* Given data
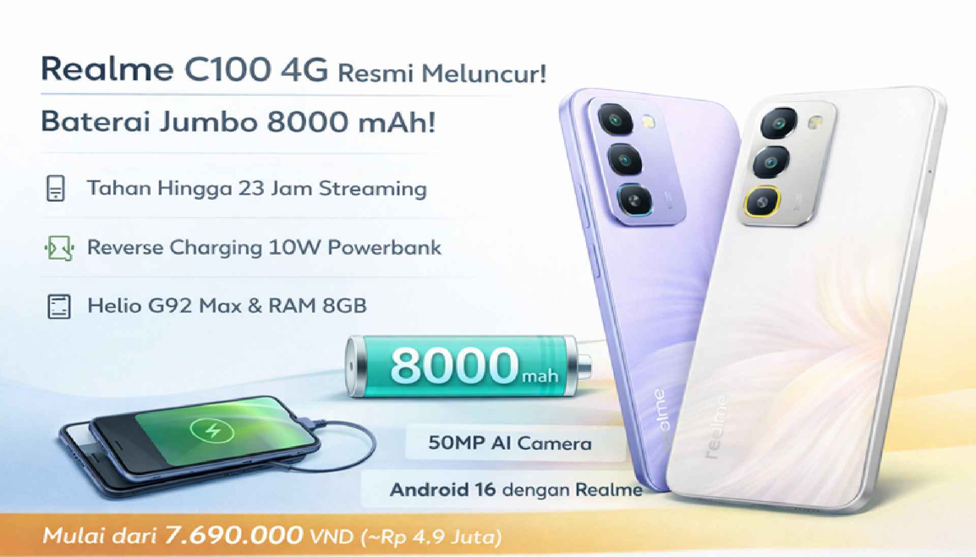 Realme C100 4G Rilis! Dibekali Baterai 8.000 mAh dan Fast Charging 45W, Bisa Jadi Powerbank Praktis
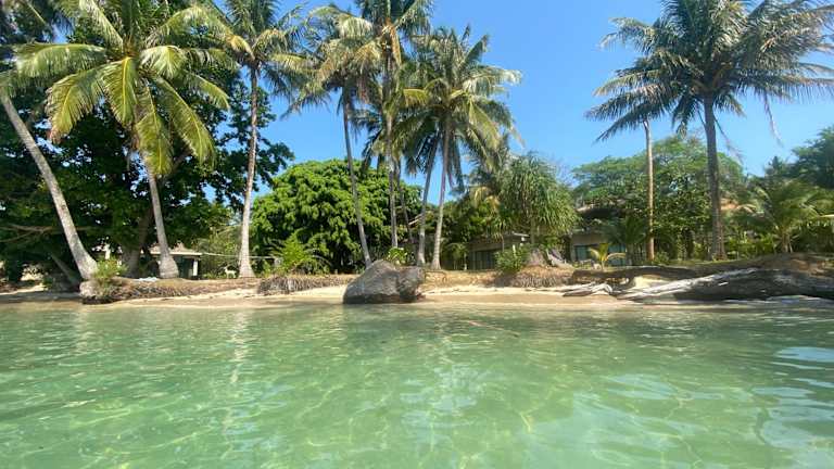 Das Koh Mak Ao Kao White Sand Beach befindet sich direkt am unberührten Strand von Ao Kao auf der Insel Koh Mak. Umgeben von hohen Palmen und Kokosplantagen bietet die Unterkunft eine idyllische Lage mit Blick auf das Meer. Die Insel Koh Mak ist bekannt für ihre unberührte Natur und ihre traumhaften Strände. Hier können Sie sich in Ruhe erholen und die Schönheit der Umgebung genießen.
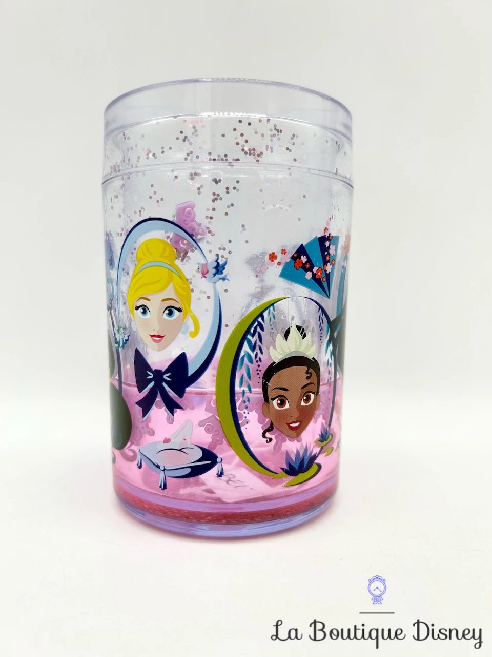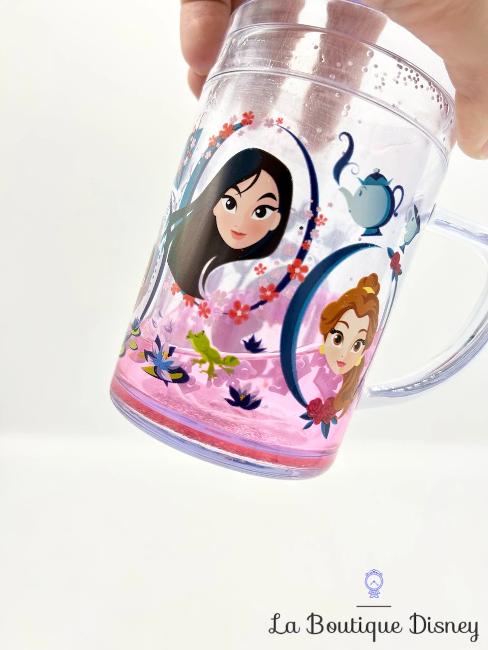 Mug plastique rose et transparent sur le thème des Princesses. Des dessins en fond représentent les visages de différentes princesses : Mulan, Cendrillon, Tiana, Jasmine et Belle. Il y a également des petits motifs avec le prince Naveen en grenouille, Madame Samovar, la pantoufle de verre, un éventail ou encore le Génie de la lampe. La tasse possède une « double paroi » dans laquelle se trouvent de l’eau et des petites paillettes qui se mettent en mouvement quand vous bougez la tasse.

* Work item
All lines above are to be restated word for word, with pictures excluded.

* Answer to the exercise
 Realme C100 4G Rilis! Dibekali Baterai 8.000 mAh dan Fast Charging 45W, Bisa Jadi Powerbank Praktis
 Das Koh Mak Ao Kao White Sand Beach befindet sich direkt am unberührten Strand von Ao Kao auf der Insel Koh Mak. Umgeben von hohen Palmen und Kokosplantagen bietet die Unterkunft eine idyllische Lage mit Blick auf das Meer. Die Insel Koh Mak ist bekannt für ihre unberührte Natur und ihre traumhaften Strände. Hier können Sie sich in Ruhe erholen und die Schönheit der Umgebung genießen.
 Mug plastique rose et transparent sur le thème des Princesses. Des dessins en fond représentent les visages de différentes princesses : Mulan, Cendrillon, Tiana, Jasmine et Belle. Il y a également des petits motifs avec le prince Naveen en grenouille, Madame Samovar, la pantoufle de verre, un éventail ou encore le Génie de la lampe. La tasse possède une « double paroi » dans laquelle se trouvent de l’eau et des petites paillettes qui se mettent en mouvement quand vous bougez la tasse.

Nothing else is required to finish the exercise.